Wednesday: creamed puffball and pasta


Actually, I'll cook the last of it tonight. Wednesday isn't going to happen, owing to me having omitted to cut off the growing point, where the fruit connects to the mycelium. . . so our giant puffball went on growing up, and when the spore mass is mature, it's inedible. I knew that, but forgot in my astonishment.

Have posted off my written objection to the "exploratory drilling" at Wisborough Green, which is a weight off my mind. I intend to post it on Gwynethann as well, so you can read it if you want to, although it's pretty boring really. (and here's the link) I also intend to add a short snappy one to the growing number on the WSCC site. Nobody is going to be able to say it happened because we did nothing, in our tiny patch.

http://buildings.westsussex.gov.uk/ePlanningOPS/loadFullDetails.do?aplId=1599

On the other hand, here's a site to watch, for a reality check on our global chances:

http://www.shaleenergyinsider.com/category/headline-news/

And meanwhile, from the Brighton Independent: Caroline Lucas, my MP, and in my humble opinion the best MP in the UK, has decided to plead not guilty and go to trial, over her alleged public order offences at the Balcombe drilling site protest. I am very proud of her, and when the trial comes up, I intend to be there.

Watching

Not found anything to replace Breaking Bad yet. Blacklist is just feeble. Last night, when we eventually convened for some tv leisure, we watched part of The Mummy Returns (which never tires) and Avengers Assemble, on Gabriel's recommendation. A supersized, fat and sugar feast of silliness, but not a patch on the former entertainment.

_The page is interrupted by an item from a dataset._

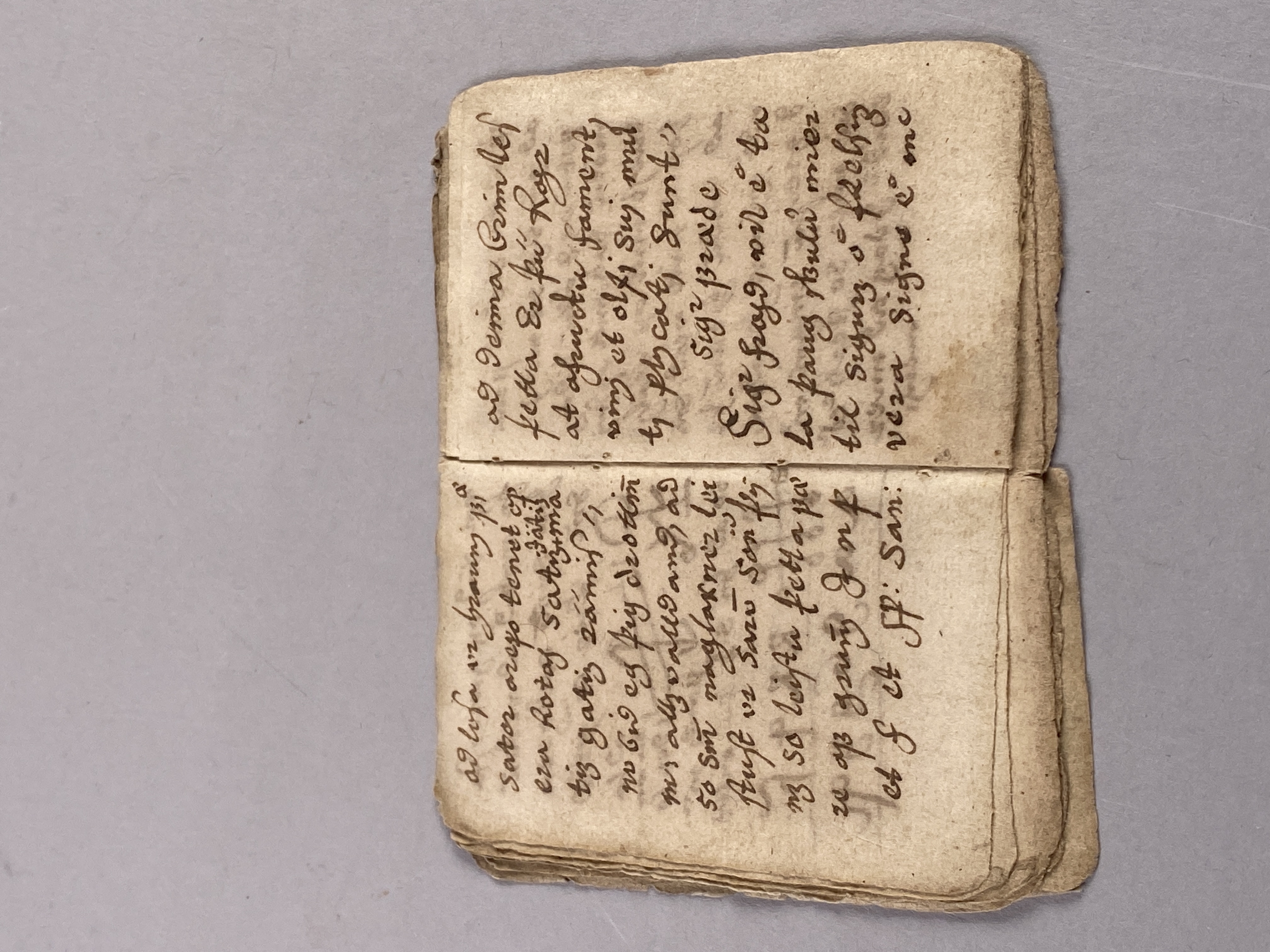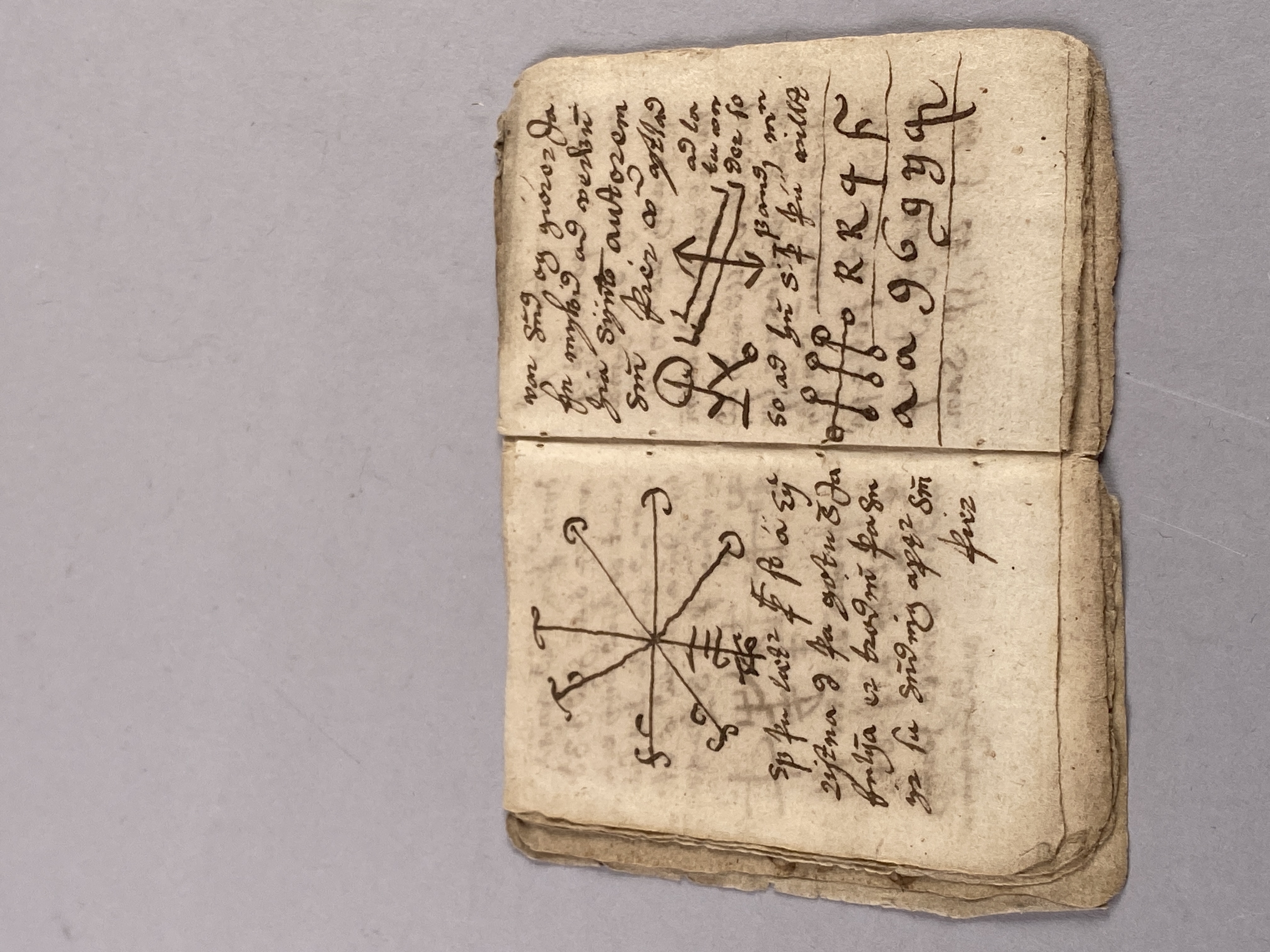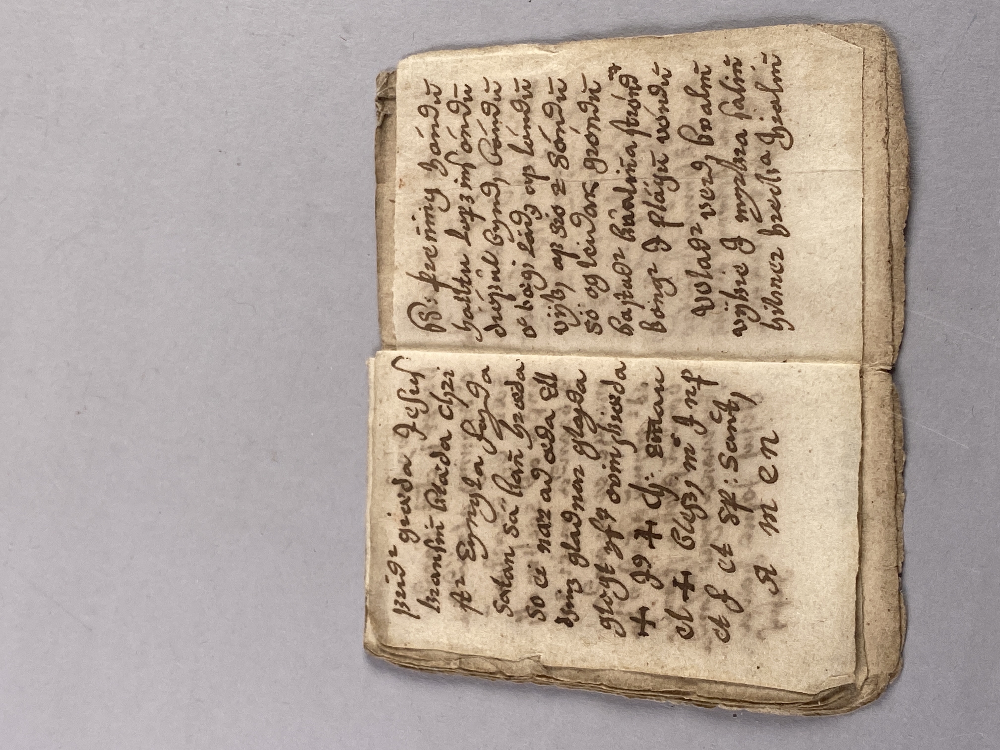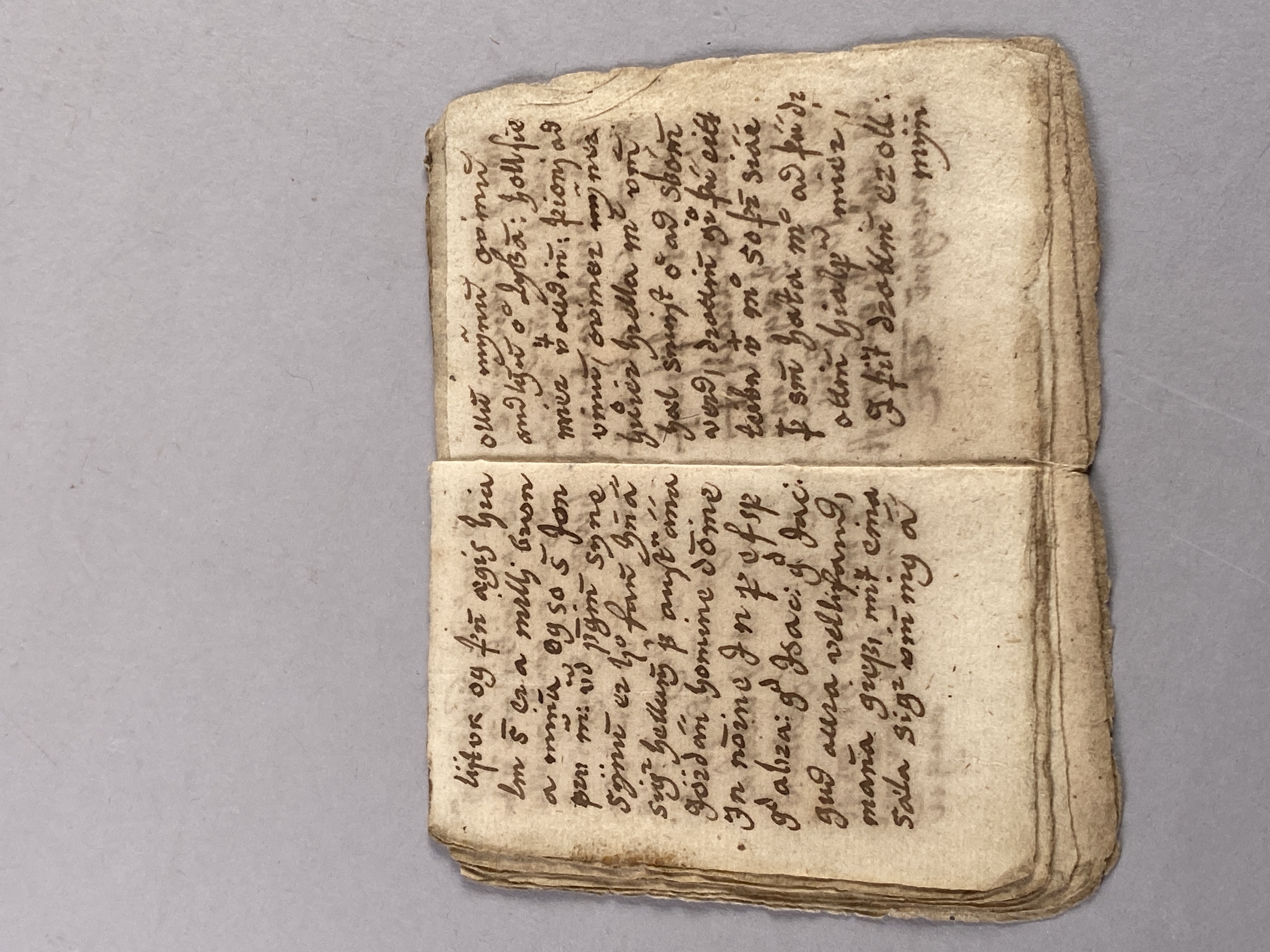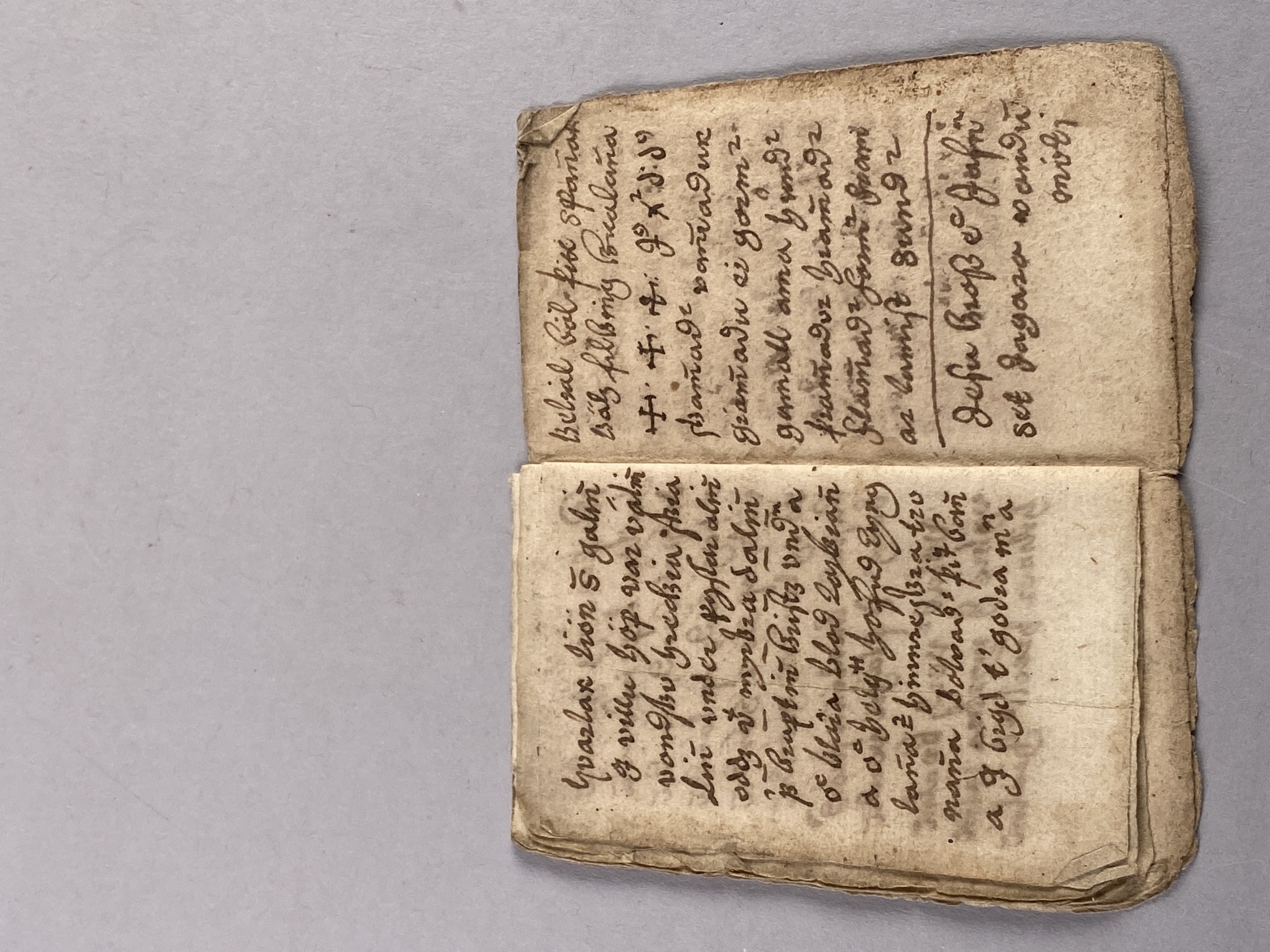 14 blad tillhörande bok möjligen skriven på isländska. Innehåller text samt ritade magiska tecken. Daterad till 1500-1600-tal.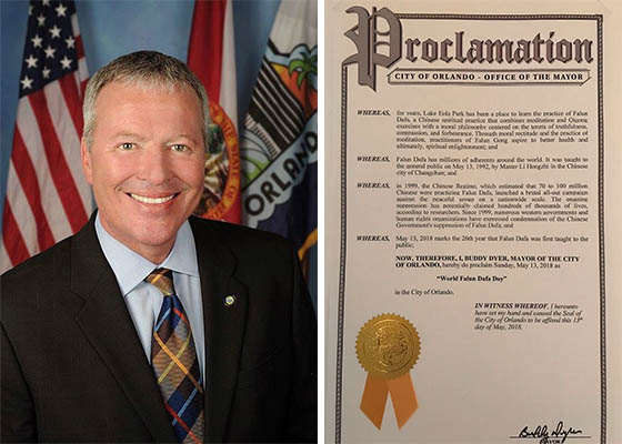 - 美国佛罗里达州奥兰多市褒奖法轮大法(图)- 美国佛罗里达州奥兰多市市长巴迪·代尔(Buddy Dyer)颁发褒奖法轮大法弘传世界二十六周年,并宣布二零一八年五月十三日为奥兰多市“法轮大法日”。

The keynote picture is the giant puffball in our fridge of course. *I ducked the ash dieback story this morning, wondering what the reporting was like, a year ago, and was it really so doomladen? Yes, it was, is the answer. Ash dieback will spread at a rate of 20 miles a year, and nearly every ash tree in the UK will be infected in a decade... It could still be true, but maybe, possibly, it won't be quite that fast, or so devastating?